Commonly, the mirrors are slightly out of the collimation, and in this case, you will see the object in the eyepiece, but you will not be able to focus on it, and it will be blurry. All you need to do is slightly adjust the mirrors. 


But if it is pitch black in the eyepiece and you are 100% sure that the telescope is pointing at the bright moon, you have a bigger problem. The mirrors are way out of collimation. Now you have to fix it with some big adjustments to the mirrors.


We use tools to collimate reflecting telescopes. You are screwed without them, and you need to buy them. The most used tools are laser collimator and Cheshire eyepiece. If you want to learn how to collimate a telescope, read my article How To Collimate Mirrors On Newtonian Reflector.


Your location – the light pollution.

The last issue can be your location. 

You set up the telescope, and everything is ok. You didn’t forget to remove the covers. The telescope is collimated, and the finderscope is aligned.

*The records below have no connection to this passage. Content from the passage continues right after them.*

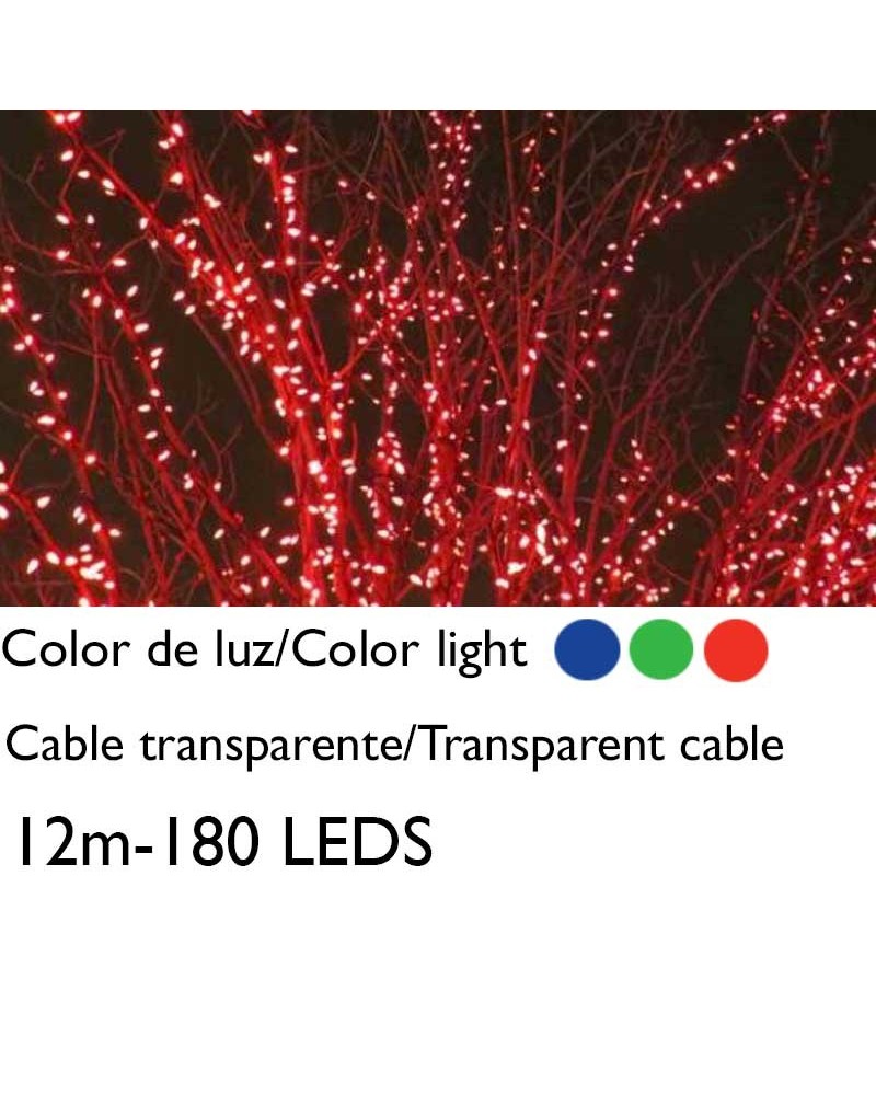 Guirnalda 12m y 180 LEDs cable transparente empalmable para interior
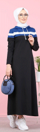 Robe décontractée à capuche de type sportwear - Vêtement Hidjab pour femme musulmane - Couleur noir, blanc et bleu indigo - REF. 32926 (29.90 €)
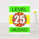 25th birthday card for a video gamer. Any computer gamer will love this card. With the slogan Level 25 Unlocked, this is sure to get a big grin from anyone who loves playing computer games.
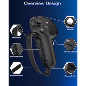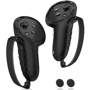 CapaAMZDM Controller Grip for Oculus Meta Quest 3S Oculus Quest 3 VR Accessories Grips Cover for VR Touch Controllers Straps Silicone Covers Protector with Non-Slip Thumbstick Covers 1Pair Black - Proteção avançada do controlador: proteja seu Oculus Quest 3 com as alças de controle da AMZDM, garantindo uma aderência segura e estável durante suas sessões de jogo, oferecendo uma camada adicional de proteção para o seu dispositivo. - Conforto e controle incomparáveis: mergulhe em sessões de jogos prolongadas com facilidade. Seu design ergonômico oferece um ajuste superior, permitindo que você jogue por longos períodos sem desconforto. A superfície antiderrapante aprimorada reduz o suor da palma e a fadiga, garantindo controle preciso e conforto duradouro. Além disso, nosso pacote inclui um par de joystick texturizado - Personalizável e conveniente: estas alças de controle Oculus apresentam tiras elásticas de couro vegano, oferecendo excelente resistência à abrasão, elasticidade e resistência ao deslizamento. Eles são confortáveis e facilmente ajustáveis para caber em mãos da maioria dos tamanhos, proporcionando uma experiência de jogo segura e garantindo que você possa acessar todos os botões com facilidade. - Feitas para durar: feitas de material de silicone premium com um padrão antiderrapante exclusivo, essas alças oferecem durabilidade duradoura e protegem seu Oculus Quest 3 de suor, poeira e arranhões. Depois de jogar por muito tempo, você pode limpá-lo com água ou pano úmido com facilidade. - Fácil de usar: projetado especificamente para controles de toque Oculus Quest 3, essas alças oferecem um ajuste perfeito e são incrivelmente fáceis de instalar e remover. Melhore sua configuração de jogos VR sem o incômodo de processos de configuração complicados.

Let’s say you have a GoTo telescope, so you put in the object you want to see. The telescope slews and points to the target, but you see nothing. So you try pointing it to the moon, and everything is alright, and you can see it in the eyepiece. So you are now going back to the first object, and you still see nothing.


The problem here is light pollution. Especially, it is a problem when using the telescope in the big city. You can have the biggest telescope in the field, but in a highly light-polluted city sky, you are limited to only seeing the moon and some planets.


All other objects like galaxies and nebulae are so dim that without the proper dark skies, you can’t see them through the telescope.

This is the common problem people have, they buy a telescope to use in the city or other light polluted areas, and they are sad and disappointed that they can’t see anything through the telescope.


The problem is not the telescope but the seeing conditions because dark skies are the most important factor in stargazing. You can check the light pollution in your location on this map. The purple, red, and yellow areas are where you don’t want to use the telescope.


If you click on the map, the small popup window appears with the details about the location. The info you want to check is the Bortle class.


The Bortle scale has nine classes. Class one is the darkest sky available in the world, and class nine is the inner city skies. Here is the summary of all classes:

  1. Excellent dark-sky site
  2. Typical truly dark site
  3. Rural sky
  4. Rural/suburban transition
  5. Suburban sky
  6. Bright suburban sky
  7. Suburban/urban transition
  8. City sky
  9. Inner-city sky

Keep this in mind, and believe me, that under the Bortle class 1 and 2 skies, you don’t even need the telescope. It’s like being in space.